Based on the foregoing content descriptions, this embodiment of this disclosure provides a data analysis method. In the method, the computing cluster 300 caches metadata, and no metadata needs to be carried in a delivered execution plan, so that a network requirement is lowered. The metadata management apparatus 200 records the status of the metadata cache. When data analysis is to be performed, consistency of a metadata cache of at least one computing cluster 300 among the plurality of computing clusters 300 may be determined based on the status of the metadata cache. Based on a consistency determining result, an analysis request may be scheduled to an appropriate computing cluster 300 for execution. In this way, a quantity of times of querying whether metadata is latest metadata can be reduced, so that a quantity of times of synchronizing latest metadata from the metadata management apparatus 200 to the metadata cache is reduced, a network requirement is lowered, and a requirement for metadata query performance is lowered. Further, the metadata management apparatus 200 may perform visibility determining based on metadata, to meet requirements of higher transaction isolation levels such as RR, SI, and SSI.

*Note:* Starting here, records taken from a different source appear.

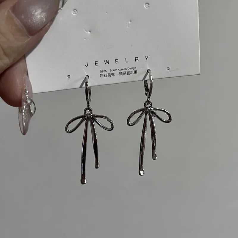 DAIIIBABYYY - Long Bowknot Pendant Drop Earrings Women Girls Gold Color Stainless Steel Bow-tie Earring Sweet Jewelry Christmas Gift
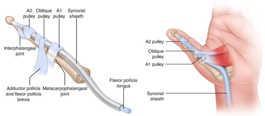 손가락을 구부리게 해주는 근육의 힘줄에 염증이 생겨서 발생함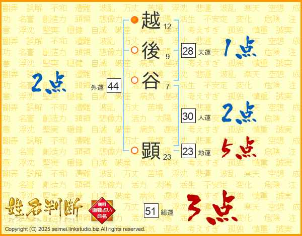 生活面を象徴する運勢です。外部から受ける影響力を表し、結婚運、家庭運や職場、環境への順応性を表します。総運から人運を引いた画数。姓や名が1文字の場合を除く。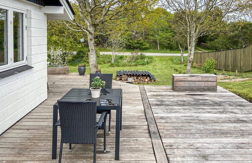 On the small, cozy island of Venø you will find this beautiful vacation home. The house is located on a large plot of land. To one side the house offers a large terrace overlooking the open garden areas have, while on the other side is a small cozy alcove where you can sit quite undisturbed.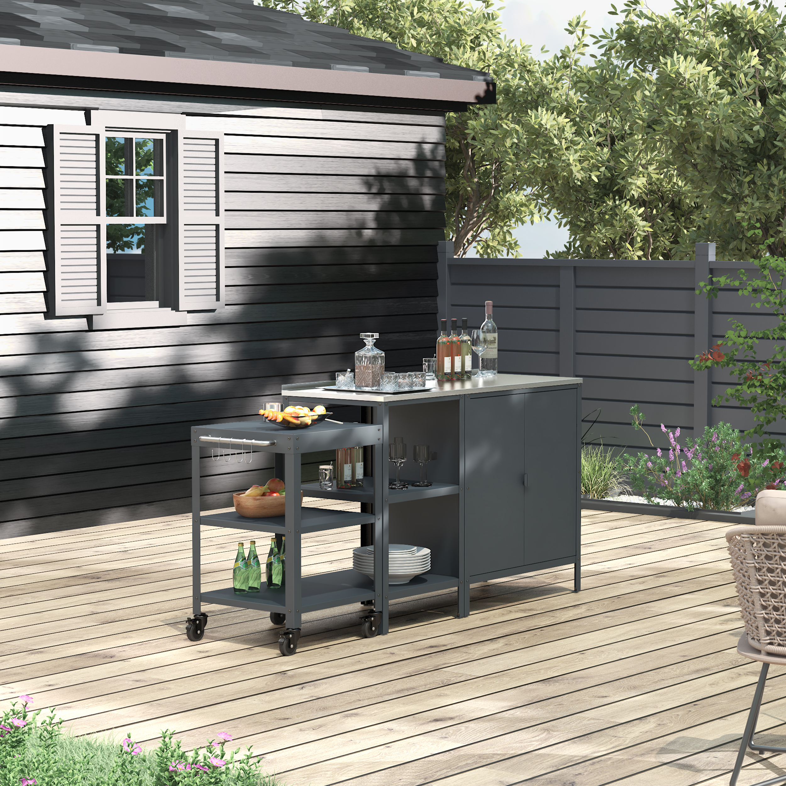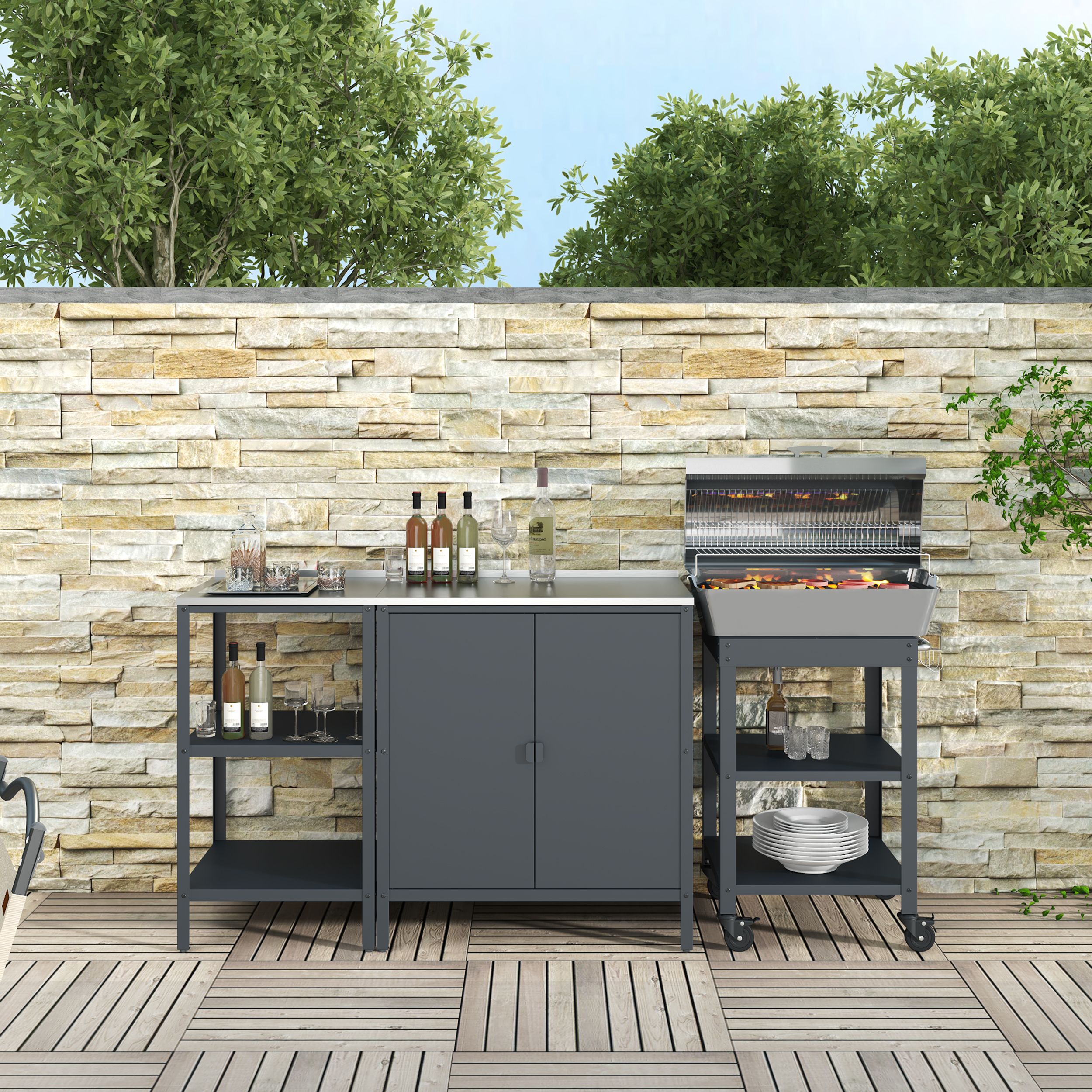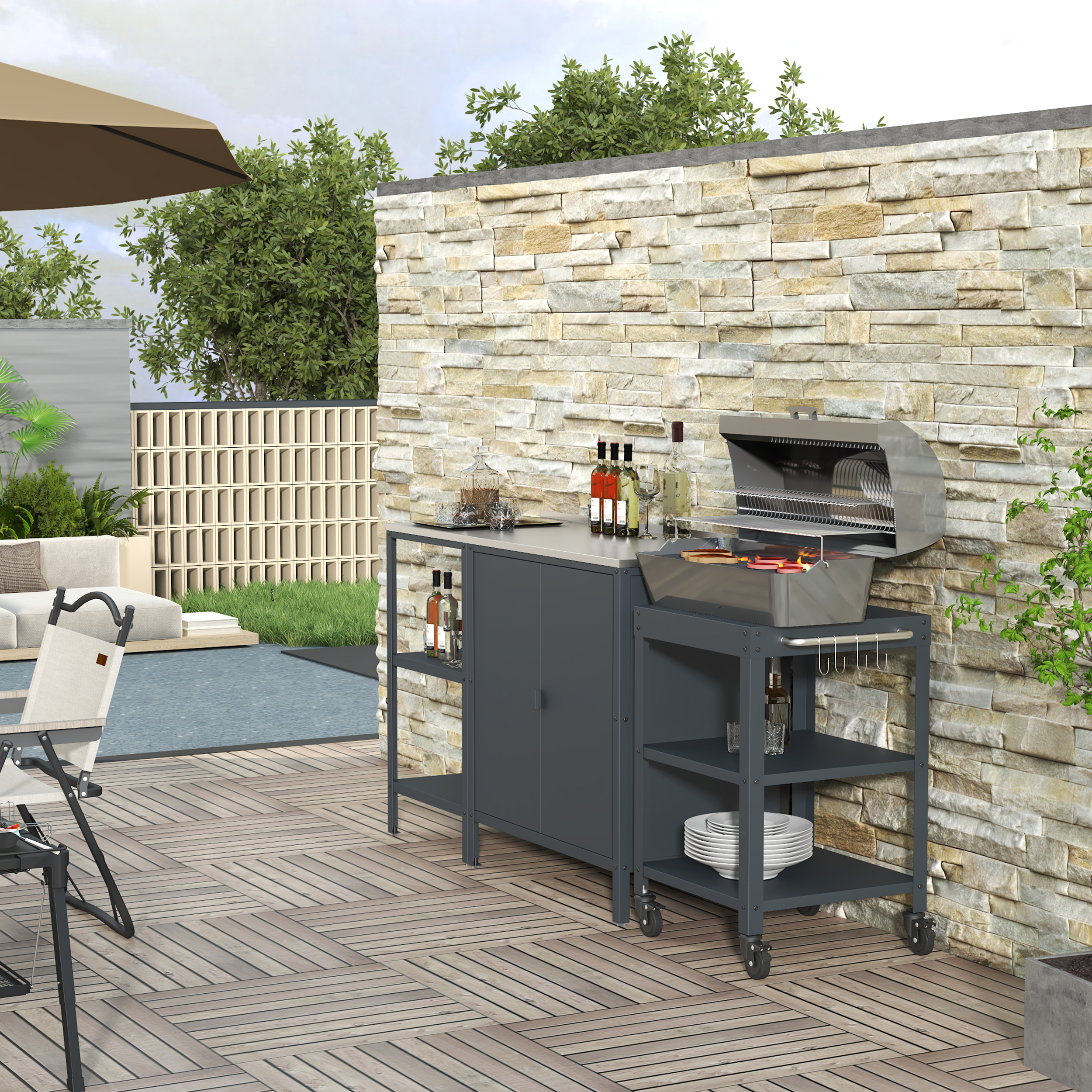 Realizat din otel vopsit electrostatic, setul este conceput pentru utilizare la exterior si are suprafete usor de curatat. Blaturile practice si rafturile incapatoare il fac ideal pentru petreceri in aer liber, zona de gratar sau amenajarea unui colt functional langa piscina.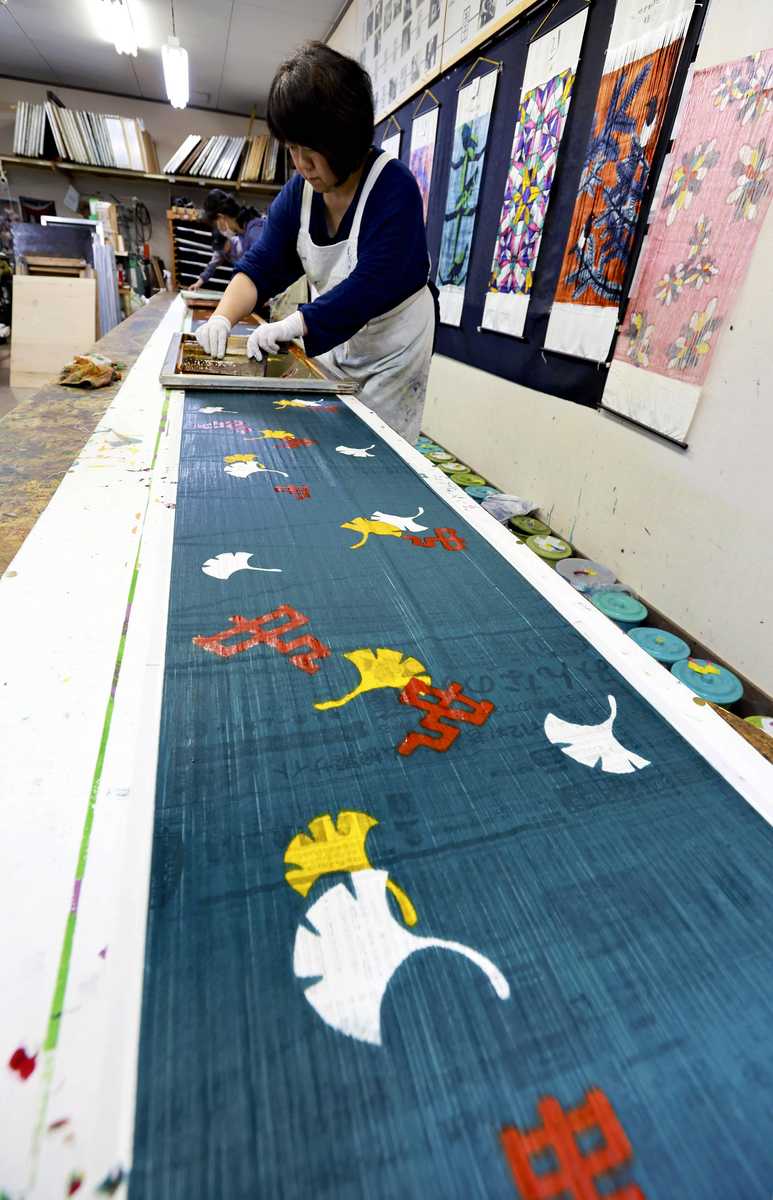 Kyoko Henmi dyes silk fabrics using a stencil at a facility where visitors can experience the fabric production process.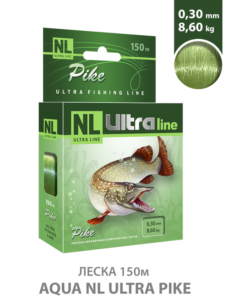 Леска Aqua NL Ultra Pike Щука 150м 0,28мм 7,5кг светло-зеленая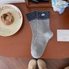 Button Bow Socks Medium Tube Socks Tide Cotton Versatile College Style Striped Contrasting Color Stacking Socks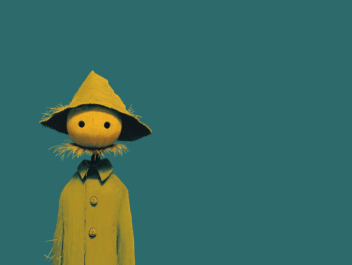 Minimalist illustration of a scarecrow with a yellow hat and coat against a teal background, featuring a clean and modern design.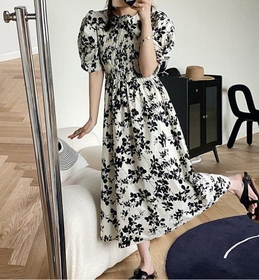 おしゃれに体型カバー ゆったりかわいいモノトーンのボタニカル柄パフ袖ロングワンピース
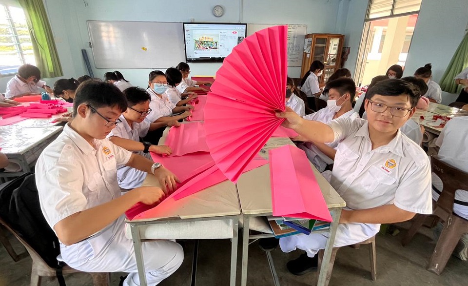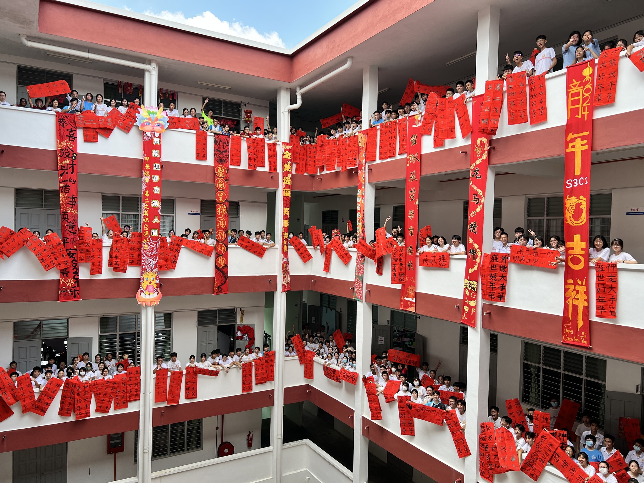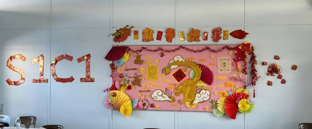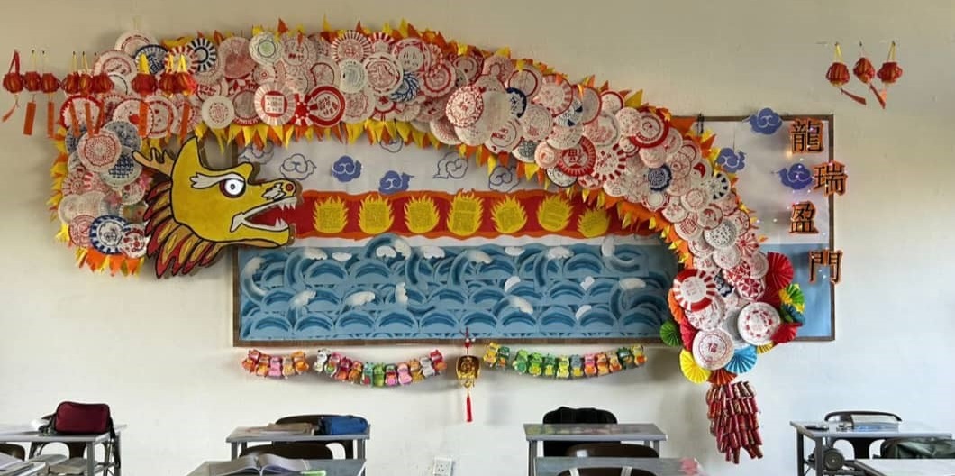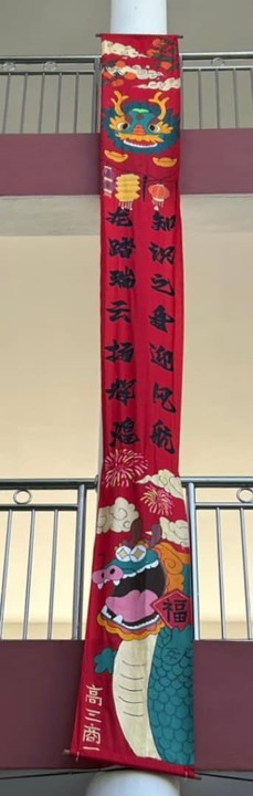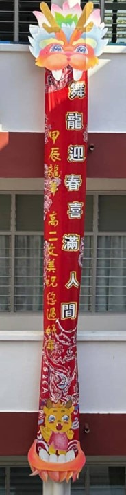 新春条幅贺新岁 2024年2月9日发布 配合农历新年,本校联课活动处举办了“班级新春条幅设计比赛”,各班的同学发挥创意为5米长的布条设计了不同的造型。条幅张挂在校园各个角落,充满浓浓的新年气氛! 文美班学生制作龙年装饰 龙吟国瑞庆丰年
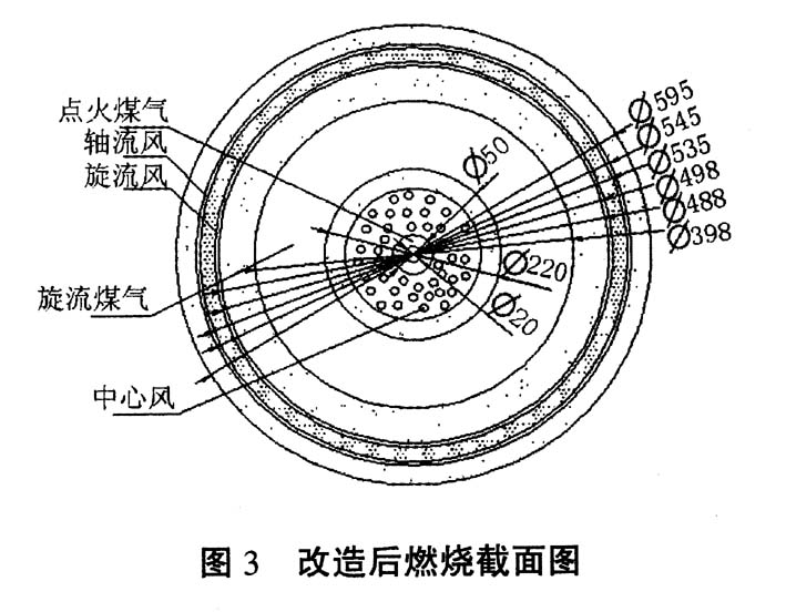 其次,是提高各气流通道表面的加工精度,最大限度地减小气流通过的阻力。对各通道的同轴度也提出了严格要求,保证气流喷出后具有良好的方向性。并对旋流煤气和空气出口导向叶片角度进行了适当调整,保证内层气流合理旋转,从而保证了空、煤气混合效率。为了进一步确保轴流风有良好的方向性,还在燃烧器出口处外侧加设了拢焰罩,强化对轴流风的方向控制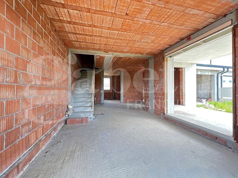 FOSSO', in centro paese, su recente lottizzazione, si propone in vendita ultima porzione di bifamiliare allo stato grezzo avanzato con spazi interni già tramezzati. La costruzione è del 2020 e dispone di una zona giorno con ingresso-soggiorno e cucina parzialmente a vista di 54mq, bagno-lavanderia finestrato e doppio garage; la zona notte è composta da 3 camere da letto, bagno finestrato e ampio terrazzo. Completa l'immobile uno spazioso giardino di circa 200mq impreziosito da un caratteristico portico. Soluzione ideale per chi cerca un immobile da completare con impianti e finiture personalizzate. Classe di riferimento A/4.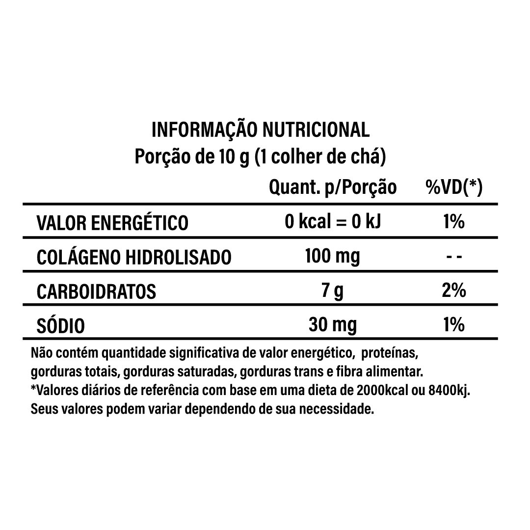 Composição: Folhas de chá verde em pó, colágeno hidrolisado, Maltodextrina, gengibre em pó, acidulante ácido cítrico, aroma idêntico ao natural de limão e mel; Antiumectante: dióxido de silício e edulcorante Sucralose;

For ease of understanding, the following describes in detail the data analysis method in embodiments of this disclosure with reference to specific application scenarios.
Refer to a diagram of an application scenario of a data analysis method in FIG. 8. In this scenario, the optimizer in the coordinator node 100 receives a query statement, and may deliver a conditional predicate to the metadata management apparatus 200, to perform group metadata-level pruning and group metadata-level cache consistency determining. An executor in the metadata management apparatus 200 may parse the conditional predicate and queries group metadata to obtain one or more rows of data that meets/meet a transaction isolation level and the conditional predicate, where the data represents column-store metadata that is to be read in a subsequent query. After reading the one or more rows of data, the metadata management apparatus 200 may extract corresponding transaction header information as version information, and query Cache Status by using a key including group_id and col_id in the row, to obtain a value corresponding to the key.
No corresponding value being found in Cache Status indicates that latest data is cached in none of DNs of all computing clusters 300. A corresponding value being found in Cache Status indicates that metadata consistent with metadata stored in the metadata management apparatus 200 is cached in a cache of the computing cluster 300. The metadata management apparatus 200 may return group_id, col_id, cluster_id, and dn_id to the coordinator node 100. In the foregoing process, the coordinator node 100 can quickly find computing clusters 300 in which cached column-store metadata caches are consistent with the metadata in the metadata management apparatus 200. In addition, a requirement of a higher transaction isolation level is met based on a group metadata transaction table capability.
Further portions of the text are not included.